Trusts put together by the scam artists are those the IRS is going after. These are trusts that purport to eliminate taxes without changing your use or control of wealth. Those trusts often are offshore trusts, located in tax haven countries, but also can be U.S.-based trusts.

Be worried if your trust contains all your assets and purports to give you regular checks that are tax-free. The checks from the trust often are described as loans or as tax-free distributions of capital. This type of trust has been heavily marketed over the last decade or so, but it clearly does not comply with the tax law.

Aggressive charitable trusts also are targets. In these, you get a substantial charitable contribution today for putting money or property in a trust. But over time you get all or most of the money and its earnings back, while charity gets little or nothing.

Dangerous trusts also are those that promise to eliminate taxes by simply by setting up a trust or series of trusts. Be especially wary if someone says the IRS won’t be able to figure out the transactions or it seems the whole structure is designed to confuse the IRS or hide assets.

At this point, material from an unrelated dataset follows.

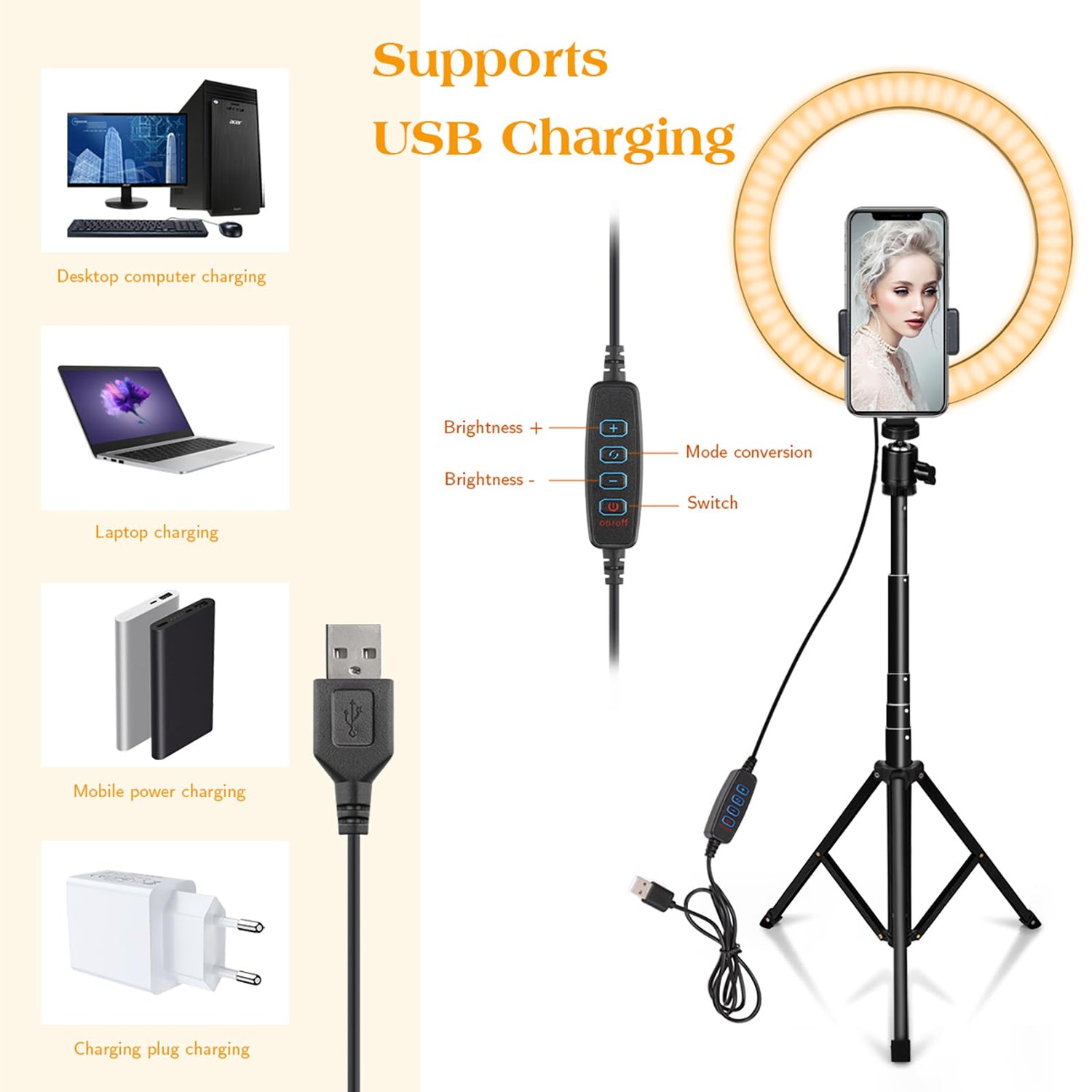 • 【USB-Stromversorgung】 Die USB-Anschlüsse können mit mehreren Geräten verwendet werden, z. B. zum Anschließen eines USB-Ladegeräts, einer mobilen Stromversorgung, eines Computerhosts und eines Laptops. Sie können LED-Ringlicht jederzeit frei genießen!

Don’t spend time on trusts such as these or other trusts that sound too good to be true. Stick with the safe, solid trusts I’ve always recommended. They’ll save you taxes, leave your assets to those you want to get them, and give you peace of mind. These trusts include marital and Bypass Trusts (used to cut estate and gift taxes), QTIP trusts (to save estate taxes and make sure your children end up with assets), charitable remainder or lead trusts, irrevocable life insurance trusts, and special needs trusts (to provide for a loved one who needs help). I’ve discussed all these and other legal, effective trusts in past visits.

Trusts can be an important strategy for you. But don’t be swayed by aggressive presentations that focus on one type of trust that seems to have everything. To protect yourself, be sure that your estate team includes an independent fee-only estate planning professional, such as an attorney or accountant.